If God in person contradicts what other people have told you are god's commandments, you'd pick what people have told you, which is now obviously actually not from God at all?

Let me make a bold statement and see if you agree:

You think rape is immoral regardless of whether God says it is or not.

Yes.  Because I would never want that to happen to me nor would I want to intentionally harm someone else.

Ok, you have just hit on the actual basis for human morality. Rob succeeded in illustrating it to you. Go Rob.

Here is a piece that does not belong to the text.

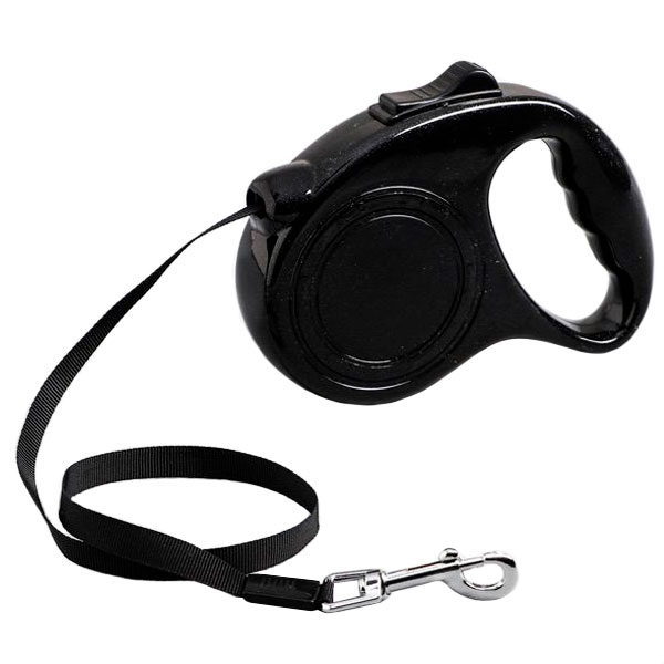 Рулетка кругла для собак на 15кг пластикова ручка стрічка чорна з фіксатором 190
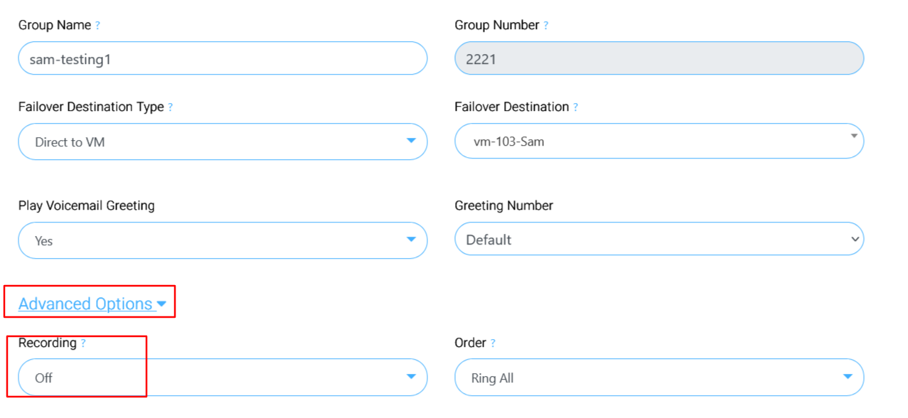 Recording at the ring group level captures calls routed to the group. <mark style="color:red;">However, if call recording is not enabled for the originating number, calls redirected to the group will not be recorded.</mark>

This right here is where all human morality ACTUALLY comes from. Your morality is sourced by empathy. You know what suffering is because you've experienced it. You can imagine the suffering of others even if you haven't experienced it. You know how you feel about people who make you suffer, and you can therefore imagine how others would feel about you if you made them suffer. All of this adds up to the Golden Rule: I won't do to someone what I know I wouldn't want done to myself.

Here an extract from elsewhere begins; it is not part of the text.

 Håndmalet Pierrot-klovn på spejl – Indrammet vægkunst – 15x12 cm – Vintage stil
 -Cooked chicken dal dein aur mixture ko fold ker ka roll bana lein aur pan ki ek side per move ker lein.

This morality works not because of religion, but in spite of it. The hypothetical here is that Gaud comes down from heaven and tells you what to do, and your answer was "heck no, that's horrible." If god were the source of your morality, you would listen to him without question. Because you're willing to ignore the icky parts of the bible and even the icky parts of what god tells you in person, that means you have an empathetic morality that super cedes your religious convictions. Not only is god NOT a source of objective morality, he's not even the source of YOUR morality. Your humanity (ironically enough) is actually what makes you moral. It's what makes us all moral. We're social creatures who don't like to suffer, and that's all it actually takes.
Verbatim from the mouth of Jesus (retranslated from a retranslation of a copy of a copy):

"Do not judge, or you too will be judged. For in the same way you judge others, you too will be judged, and with the measure you use, it will be measured to you. How can you see your brother's head up his ass when your own vision is darkened by your head being even further up your ass? How can you say to your brother, 'Get your head out of your ass,' when all the time your head is up your own ass? You hypocrite! First take your head out of your own ass, and then you will see clearly who has his head up his ass and who doesn't." Matthew 7:1-5 (also Luke 6: 41-42)

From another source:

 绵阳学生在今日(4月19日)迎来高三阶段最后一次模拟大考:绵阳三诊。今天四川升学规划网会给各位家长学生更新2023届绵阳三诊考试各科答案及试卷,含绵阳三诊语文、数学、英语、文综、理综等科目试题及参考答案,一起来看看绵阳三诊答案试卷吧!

Also, I has a website: www.RedbeardThePink.com
Reply
RE: Argument from Conscience
(August 10, 2015 at 7:01 am)robvalue Wrote: OK! So that shows that your morality, at least on this issue, has nothing to do with God. You have made your own decision that it is wrong/immoral whatever you want to call it, and you hold your opinion higher even than god's.

Of course, what I'm hearing is that you're happy for God to be the author of morality as long as he agrees with you; as soon as he doesn't, you revert to your own morality. This is what everyone does in my opinion, they just don't realise it Smile God is a mirror.

Additional: here's an interesting take on it. Can you list the things that you currently consider immoral that you'd be willing to change your mind about if God told you to? Same question for things that are moral. Obviously rape is not on the list of immoral things you would change your mind about.

I'm going to make a separate topic about this!

Au contrair!  I hold that objective morals are part of us and that we know right/wrong but still have the will to be selective to go against it or not. 

here's the problem with your question, it dies the death of a thousand qualification and subqualifications.  It goes back to my example about the smoke detector.  Don't mess with it.  People start redefining that and then we need to qualify by adding more definitions because people say, "well it didn't say not to do this. There are a lot of topics that the Bible does not address.  But because we want to subjectively redefine things to justify our actions, does not mean objective morality is non-existent.  There is a simple rule and everyone wants to redefine what it means.

God said to love your neighbor as yourself, now we redefine what that means to the point it is meaningless.  Morality is not a list.  Value life, both yours and everyone else's.   But again I go back to this really being moot.  No one is perfectly good.  We all mess up.
We are not made happy by what we acquire but by what we appreciate.